De manhã, ao lançar-se no seu curso, as asas do sol tocam as folhas das árvores do paraíso, e sua vibração é transmitida aos anjos e aos santos Hayyot, às outras plantas e também às árvores e plantas da terra, bem como a todos os seres da terra e do céu. É sinal para que eles voltem seus olhos para o céu.
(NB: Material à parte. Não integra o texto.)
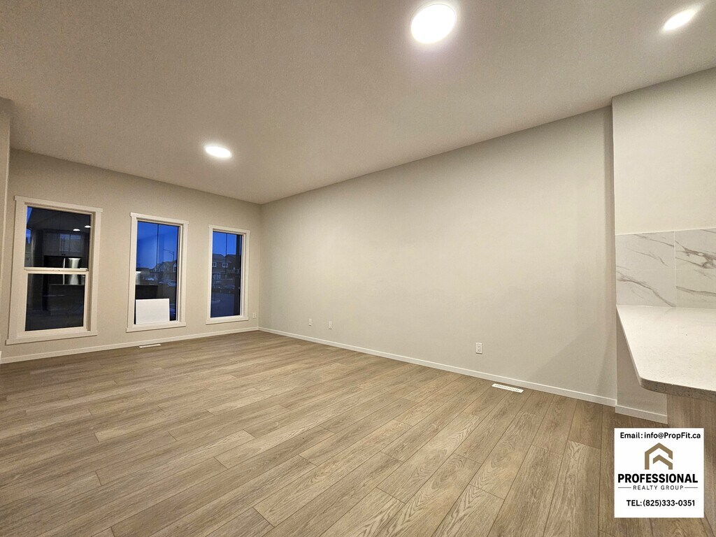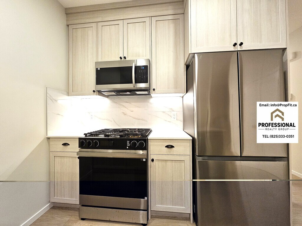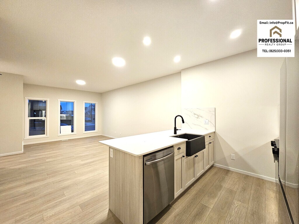 Stunning Brand New Home in The Orchards-Modern Luxury Main Floor Living Main Floor - 238 Orchards Blvd SW Edmonton AB T6X 2G9 • RENT: $2148 + $350 Flat Rate Utilities (Power, Heat, Water & Waste) • 4 bedrooms 3 full bath • Fixed Term Lease: 6 months or 12 months • Double Garage INCLUDED! • One small, well-behaved pet may be considered (subject to approval and a $50 monthly pet fee) • Credit, Reference & employment checks will be required with applications. Features: 1) Bright open-concept layout with large windows and modern LED lighting 2) Stylish kitchen with quartz counters, elegant backsplash, soft-close cabinets, and full stainless-steel appliances (gas stove + microwave + fridge + dishwasher) 3) Huge walk-in pantry with full shelving 4) Luxury vinyl plank flooring throughout (no carpet on main floor) 5) Spacious bedrooms with large closets and bright windows 6) Beautiful bathroom with quartz vanity and full tiled shower 7) Upper-level laundry with front-load washer/dryer and storage shelves 8) Private backyard access with rear entry 9) Double attached garage (full exclusive use for main-floor tenants) 10) Private front entrance with keypad lock Brand New Beautiful Home–High-End 2 Bedroom Basement Suite with Private Entrance Basement - 238 Orchards Blvd SW Edmonton AB T6X 2G9 • RENT: $1298 + $200 Flat Rate Utilities (Power, Heat, Water & Waste) • 2 Bedrooms, 1 Bathroom • Fixed Term Lease: 6 months or 12 months • Street Parking • One small, well-behaved pet may be considered (subject to approval and a $50 monthly pet fee) • Credit, Reference & employment checks will be required with applications. Features: 1) Private, well-lit side entrance with secure digital keypad lock 2) Designer kitchen with quartz countertops, full-height backsplash & soft-close cabinetry 3) Stainless steel appliance package including gas stove, microwave hood fan, dishwasher & large-capacity fridge 4) Open-concept living and dining area with elegant vinyl plank flooring 5) Two bright, generously sized bedrooms with modern lighting and large windows 6) Spa-inspired 4-piece bathroom featuring quartz vanity and premium tile 7) In-suite Whirlpool laundry – full private laundry convenience 8) Oversized storage area with built-in shelving 9) Independent thermostat control for personalized comfort 10) Contemporary color palette & LED lighting throughout for a clean, modern feel Offered by PropFit Property Management - a professional property management group licensed under the Professional Realty Group. *Advertised price reflects the discount rate for a tenant paying on or before the 1st of the month, subject to lease rules and regulations. Any overages beyond the flat-rate utilities budget will be shared among tenants.

Logo que contemplam o Nome Inefável, que está gravado no sol, eles erguem suas vozes em canções de louvor a Deus. No mesmo momento é ouvida uma voz celestial que diz: “Ai dos filhos dos homens, que não atentam em honrar a Deus como essas criaturas que erguem agora suas vozes em adoração”. Essas palavras, naturalmente, não são ouvidas pelos homens, da mesma forma que eles não escutam o rangido do sol contra a roda na qual estão presos todos os corpos celestes, embora o som seja extraordinariamente alto. Essa fricção entre o sol e a roda produz as partículas cintilantes que dançam nos raios de sol. Essas são portadoras de cura aos doentes, as únicas criações doadores de saúde do quarto dia, no todo um dia desafortunado, especialmente para as crianças, sendo nele afligidas por doenças.
Quando Deus puniu a ciumenta lua, diminuindo sua luz e esplendor de modo que ela deixasse de se equiparar ao sol como havia sido originalmente, a lua caiu, e minúsculos fragmentos soltaram-se do seu corpo. Esses são as estrelas.

* A letra Bet, segunda letra do alfabeto hebraico, corresponde ao algarismo dois.

Lendas dos Judeus é uma compilação de lendas judaicas recolhidas das fontes originais do midrash(particularmente o Talmude) pelo talmudista lituano Louis Ginzberg (1873-1953). Lendas foi publicado em 6 volumes (sendo dois volumes de notas) entre 1909 e 1928.